Public transport in Guangzhou


Train for getting around in GuangzhouGuangzhou has an established public transport system consisting of the subway, buses and trains.

Expats planning on using public transport in Guangzhou on a regular basis should acquire a Yang Cheng Tong Card, which is a multi-purpose transit card that allows commuters to easily and conveniently transfer between different modes of transport, including buses, taxis, the subway and ferries. It is also accepted as payment at certain convenience stores.

 

Buses

Catching the bus is the cheapest method of getting around in Guangzhou.

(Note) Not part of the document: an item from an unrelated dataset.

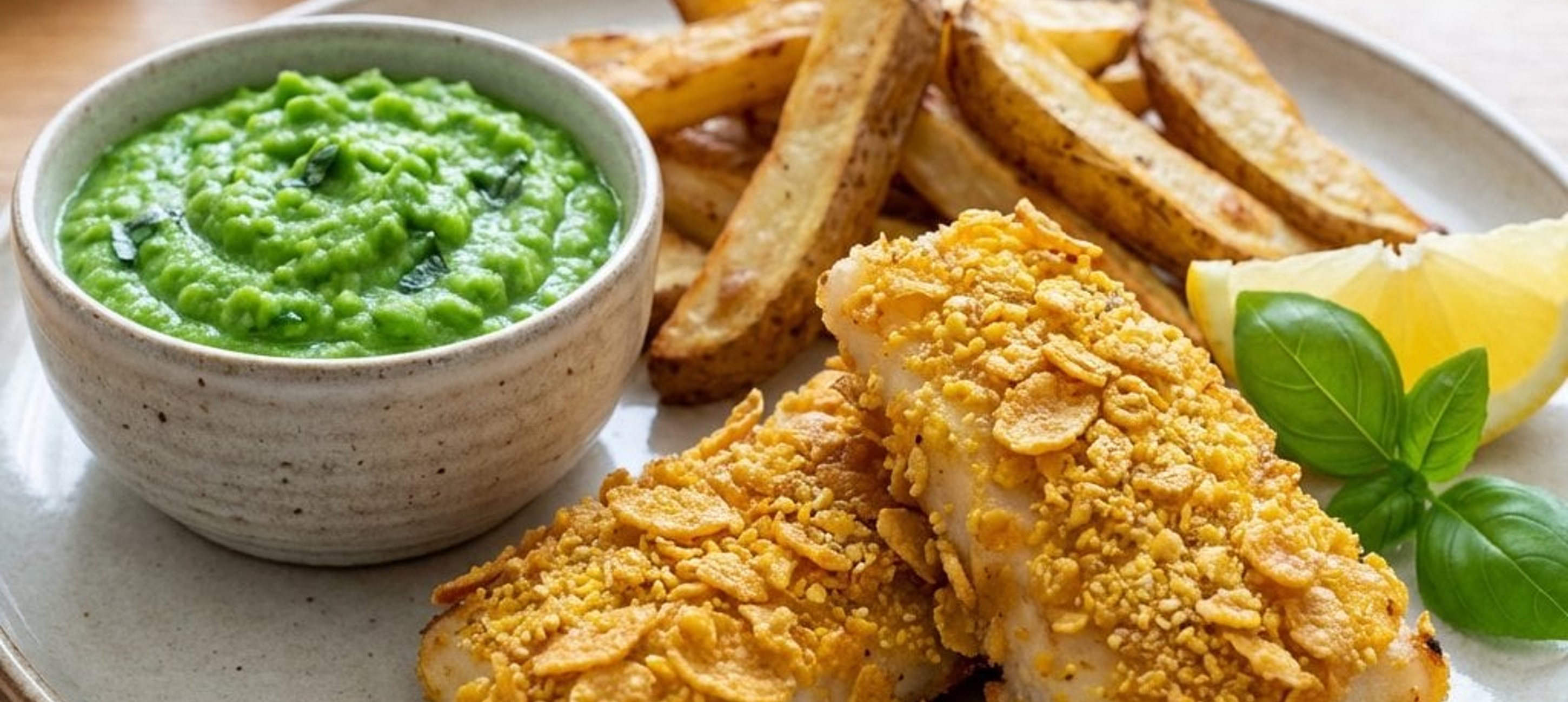 Ein Spritzer frischer Zitronensaft über den Fisch kurz vor dem Servieren hebt die Aromen der Maiskruste besonders hervor. Für eine extra feine Note können Sie dem Erbsenpüree auch einen kleinen Klecks Sauerrahm hinzufügen.

Passengers can pay with a transit card or with exact fare, although expats would need to know where they are going as few drivers can speak English, and bus stops are usually in Chinese.

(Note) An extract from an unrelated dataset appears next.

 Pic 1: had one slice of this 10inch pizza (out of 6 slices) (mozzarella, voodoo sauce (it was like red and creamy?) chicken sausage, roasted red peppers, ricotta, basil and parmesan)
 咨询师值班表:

The Bus Rapid Transit (BRT) system follows routes along isolated lanes as well as normal roads. The BRT network is often faster than normal buses and is useful for getting to inner-city areas not serviced by the subway.


Metro

Guangzhou has a comprehensive subway system connecting the city centre to the outer suburbs. The airport is also connected to the city via the Guangzhou Metro.

The easiest and cheapest way to ride the subway is to purchase a Yang Cheng Tong Card at a metro station, although it is also possible to buy individual tickets from vending machines at the stations. The metro is generally efficient, with English translations of signs and maps in many stations.


Trains

Train travel in Guangzhou is primarily used for travelling longer distances. It is possible to catch a train from East Railway Station to Hong Kong on trains operated as part of the Hong Kong MTR. The Guangzhou Railway Station, on the other hand, offers routes to cities such as Shenzhen and Beijing.


Taxis

Taxis in Guangzhou are affordable for short distances, but most drivers don’t speak English. Expat commuters should either show the driver a business card of somewhere near the place they want to go to or have the address written out in Chinese. Given the city’s size, it is often best to go to a landmark or intersection close to the final destination. Some drivers may get lost outside the areas they are familiar with.


Taxis are metered, and passengers should make sure they get a receipt for the trip in case there are any discrepancies. Some accept the Yang Cheng Tong card, but most drivers prefer cash. Taxis are colour coordinated, and the newer yellow ones are considered most reliable.
 

Driving in Guangzhou

 

Driving in Guangzhou is not quite free-for-all chaos but expats who want to drive in the city should consider it carefully. The congested traffic of China’s heavily populated cities is daunting and potentially dangerous for the uninitiated.

 

It is also difficult for foreigners to legally drive in the country. Their home driving licence or International Driver’s Permit (IDP) won’t be recognised in China, which means they will have to get a Chinese licence before they can drive.

 

Despite its size, road signs in Guangzhou are rarely translated to English, making it even more challenging for foreigners to get around the city.

 

Not only does the good public transport in Guangzhou mean that owning a car is often unnecessary, it is also possible to rent a car with a driver, a common practice in China.

 

Bicycles and scooters in Guangzhou


Scooters, including electric motorbikes, are a cheap and popular method of getting around Guangzhou and are even available in supermarkets. They can, however, be dangerous in Guangzhou’s chaotic traffic and are banned from the city centre along with motorcycles.


Unfortunately, cycling infrastructure in the city is lacking. Bicycles are often unsuitable for longer distances since they are not allowed on major roads, and cannot be ridden in the tunnels beneath the river or on bridges.